Cavinti (Our Lady of Walsingham Preaching Station)
In 2012 Deacon Jonathan Britt and his wife Grace opened a preaching station on their property in Cavinti, Laguna. Before long a small but regular congregation was formed which meets twice a month. Deacon Jonathan conducts a Celebration of Word and Communion first Sundays, and Fr. Joe Mock celebrates the Eucharist on the third.
A contingent of Holy Family members lead by Deacon Mary and Mrs. Grace Britt had been going to Tubili in Mindoro with the permission of the Dean of the Southern Tagalog Deanery and the Priest-In-Charge of an existing church in the area to start a mission with the Mangyan Tribe of Mindoro.

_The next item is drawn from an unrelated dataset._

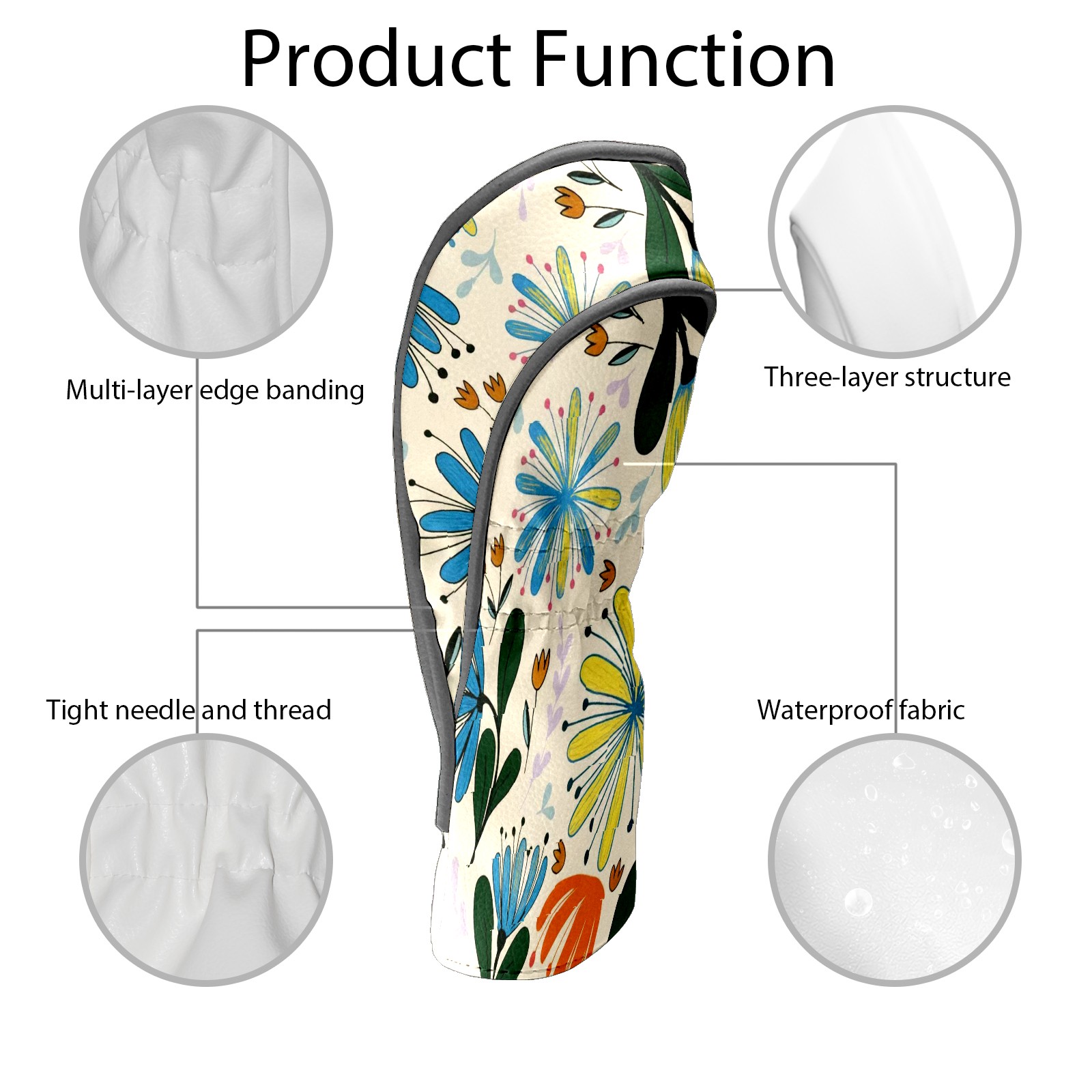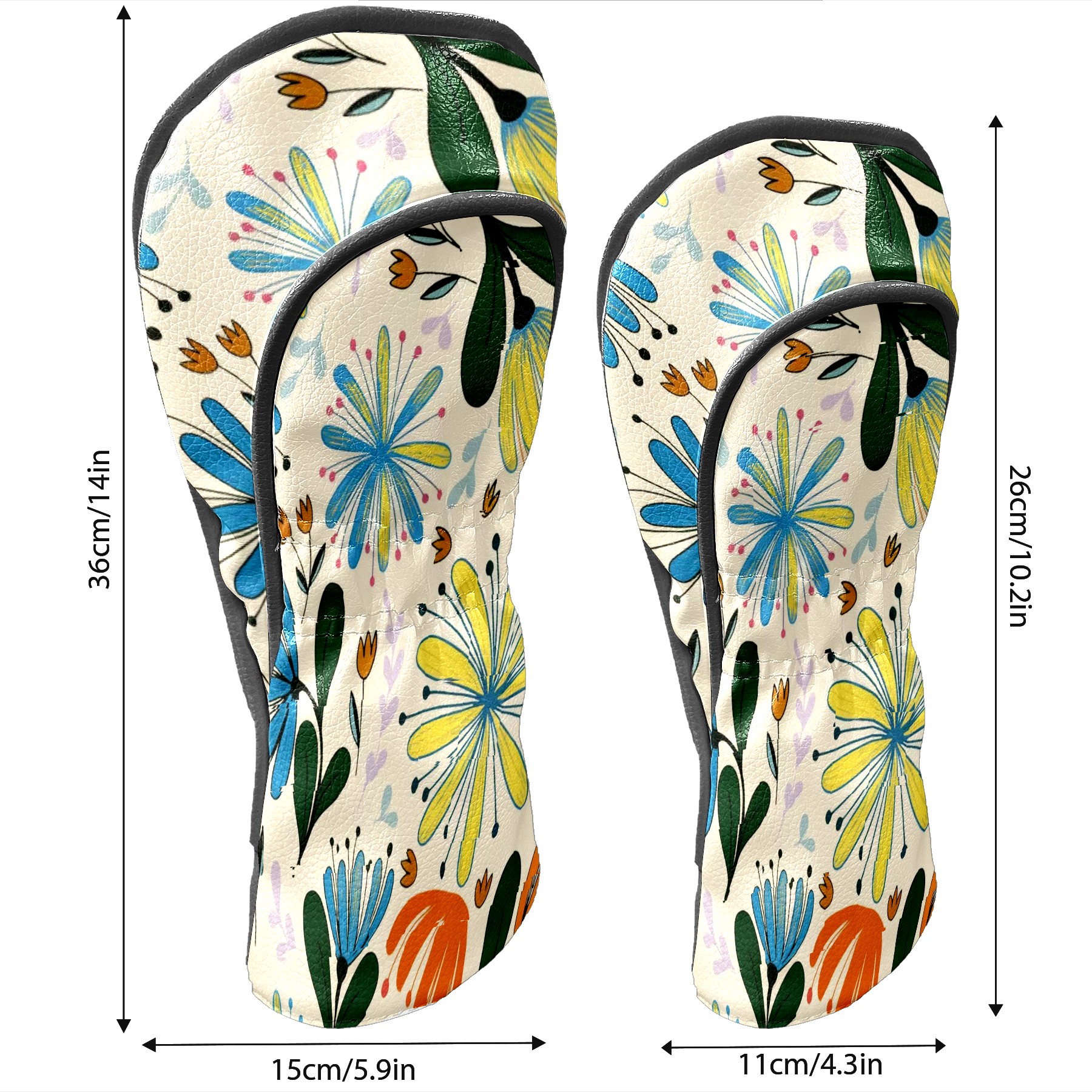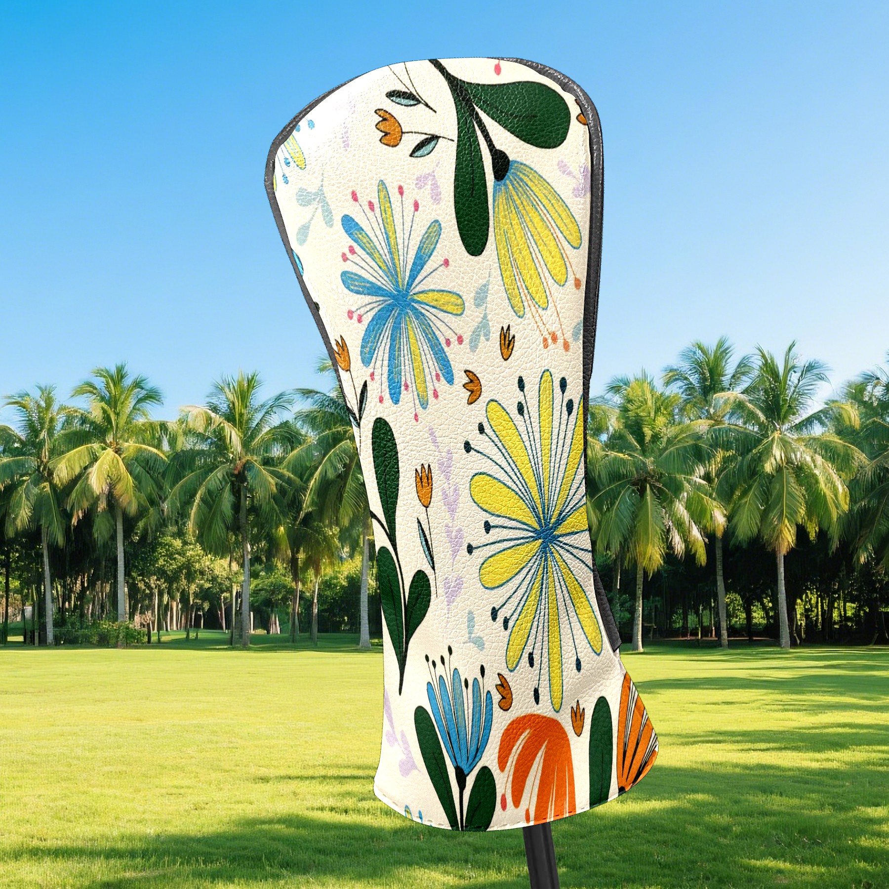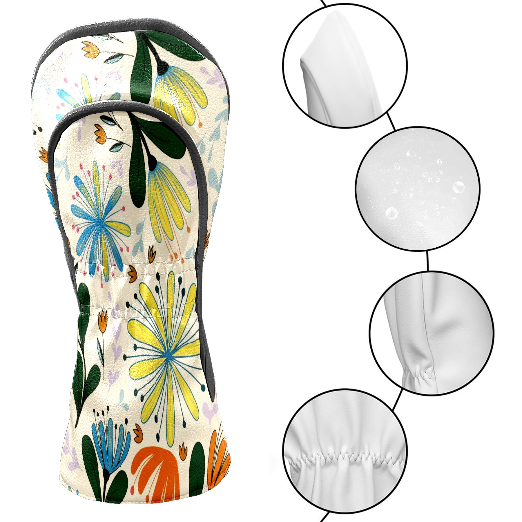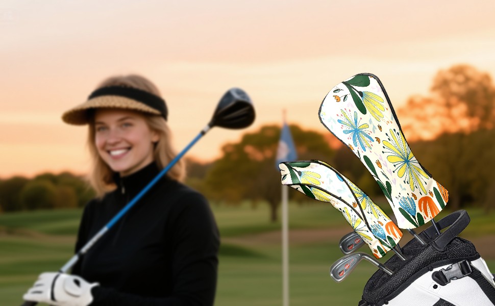 Golf Club Covers PU Leather Waterproof Golf Club Head Covers for Fairway Woods and Hybrids Colorful Flowers Unisex Suitable for Most Brands

This mission was initiated in 2016.
WITNESSING: PARISH AT WORK IN THE NEIGHBORHOOD
The Holy Spirit is using the Holy Family Episcopal Church through Deacon Mary by sending children in need of help her way. Out of the blue, somebody calls Dcn. Mary about a kid in need, and there she is to help. Isn’t that amazing work of the Holy Spirit?

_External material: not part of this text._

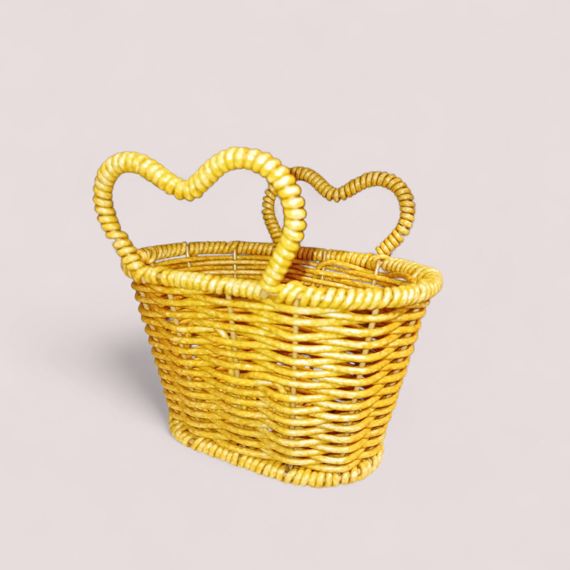 Тази стилна метална кошница с плетка от гумиран шнур и сърцевидни дръжки е чудесен избор за декорация или оригинален подарък.
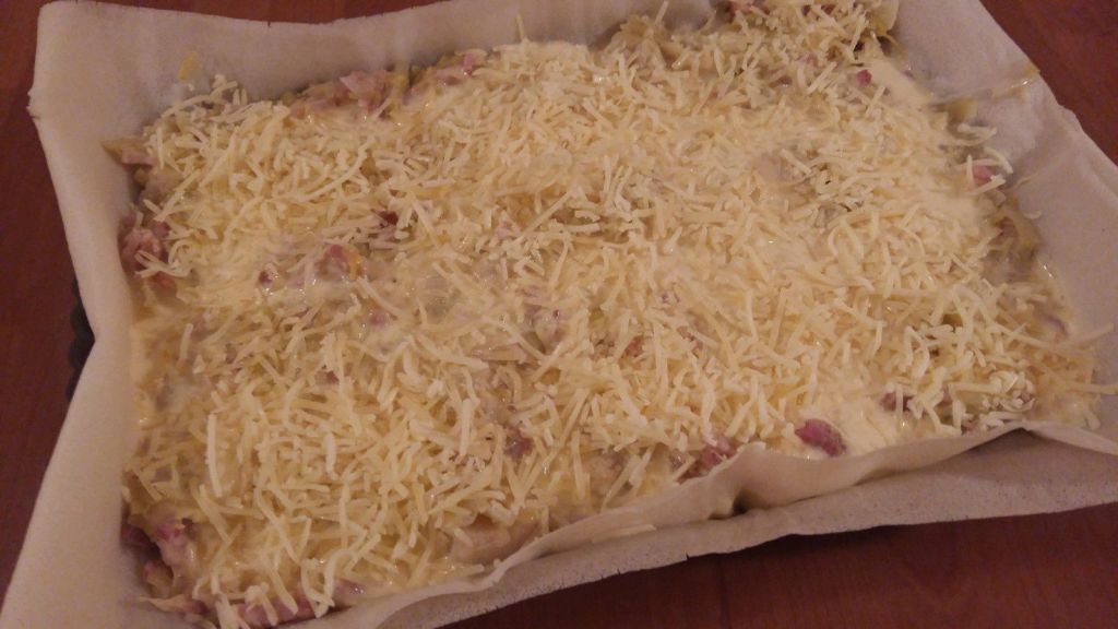 - Disposer sur les feuilles de brick, mes poireaux, couvrir avec votre appareil puis parsemer de Comté râpé.

|Name of Child||Age||Condition|
|Gabriel de la Cruz||7||Cerebral Palsy with Epilepsy|
|Cassie Naval||7||Congenital heart disease due for surgery|
|Bobby Babon||2||Down Syndrome|
|Tricia Gagarin||4||healthy (sponsored)|
|Andrea Tabilog||5||healthy (sponsored)|
|Mark Sigue||2||healthy (sponsored)|
Recently we had an intern from the US who stayed with the Parish for a month and assisted the Deacon with the programs of the Parish. She experienced the day to day living in a less privileged area in the Philippines that is different from where she grew up. She helped in the Sunday school and some youth activities. With her is another intern from our local school who also helped in the parish works while they are here with the supervision of Deacon Mary.